По сути, пропагандистская машина западных спецслужб предала своих агентов, принесла в жертву часть случайных попутчиков, при этом сохранив систему, включавшую фонды, недвижимость, юридические фирмы, издательства и т.п. Сондерс подчёркивает, что внутри ЦРУ никто не понёс наказания, включая Брейдена. Президент Линдон Джонсон создал комитет под руководством заместителя госсекретаря Николаса Каценбаха, номинально запретивший тайные операции спецслужб (тем же когда-то руководствовались при роспуске УСС) — однако отчёт не имел законной силы, и манипуляции ЦРУ продолжились с косметическими перестановками. Остатки Конгресса были поделены между США, Францией и Великобританией, но его окончательная гибель стала лишь делом времени. Некоторые части старого механизма продолжали существовать до 1990-х годов, хотя уже не за счёт поддержки ЦРУ, а благодаря рвению начальства из уходящей в прошлое «старой гвардии».

Цитата из к/ф «Доктор Стрейнджлав». реж Стэнли Кубрик. 1964. США
Судный день

Итого, западную пропаганду 50-60-х годов можно рассматривать как элитную игру, основной жертвой которой стали западные же левые. Историк международных отношений Пол Кеннеди утверждает, что 1970-е стали эпохой борьбы между США, Европой и развивающимися странами. Консенсус вокруг американизации к тому времени утратил запал; его агентов списали, сохранив и усовершенствовав стоящие за ними структуры — вероятно, дожившие до нашего времени. Герои, описанные Сондерс, по чисто физиологическим причинам ушли на покой (кто-то на пенсию или «золотой парашют» должностей в фондах, кто-то в бизнес, кто-то в советники посткоммунистических стран, а кто-то оказался в рядах новых левых). Логично предположить, что дело их живо.

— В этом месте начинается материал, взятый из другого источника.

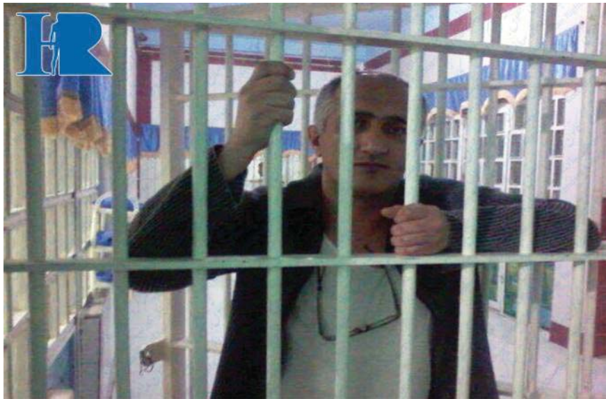
دەیان جار بە بۆنەى رووت كردنەوهمان و دەرهێنانى جلوبەرگی زیندانبیەكان و تەنانهت شۆرت و تیشیرتی ئەوانەوه، لەگەڵ ئەو كارمەندانە تیکهه ئچووین و لە كۆتاییدا توشى شۆكى كارەبابى، باتۆم و ژوورى تاكەكەسى ھاتووین

مادە هوشبەرەكانەوه هەیه و زۆربەى تاوانباران بە جۆرى لە جۆرەكان توشى مادە هوشبەرەكان بوون و بە هۆى ئەدارى و بێكارى یەوه لەم شارەدا دزى كردن پلەى دووھەمى رژێمى دیلەكانى لەم زیندانەدا (هەیه) لەوه ناخۆشتر و كێشەى ھەرە گەورەى ئیمە بە هۆى ھاوبەندى بوون لە گەڵ ئەم تاوانبارانە، پشكینی پەیتا پەیتا ئیمە بە بیانووى بەرپرسیانى زیندانەوه بە بیانووى دۆزینەوى مادە هوشبەرەكانەوه، چەند رۆژو جارى لە كۆتوپردا خەلكى زۆرى كارمەندەكانى بەندىخانە بە باتۆم و شۆكى كارەبابى یەوه دیتە بەشەكەى ئیمە و دێچە ناو ژوورەكانى نووستن و بە بیانووى دۆزینەوى ئەفییون،

Понимали ли мыслители и деятели культуры, в какой схеме участвуют? Книга намекает, что и да, и нет. Мемуары отечественной творческой интеллигенции в 1917 году показывают, как «совесть нации» отчаянно соревнуется за должности и финансирование, идя на компромиссы с новыми властями. Наверное, здесь есть черта, за которой подобное соглашательство невозможно; но люди гибки, и многое зависит от конъюнктуры. Писатели могли подстраиваться под цензоров в ГДР, а могли — под требования посредников в ФРГ. Происхождение денег удивительно мало заботило интеллектуалов, и многие из них наверняка искренне считали, что получили возможность говорить, что хотят, в рамках неизбежной политкорректности. Разоблачение толкнуло более чувствительных людей к пьянству или запоздавшему бунту. Но, что более важно, сделки старшего поколения с совестью подготовили почву и для неудачи «долгого 68-го», и для пессимизма постмодернистской эры. Наследие пропагандистов (по воле и по неволе) наложило тяжёлый отпечаток и на политику, и на мысль последующих десятилетий, пусть Запад дождался краха СССР. Кажется, до сих пор лишь немногие взялись его по-настоящему осмыслить.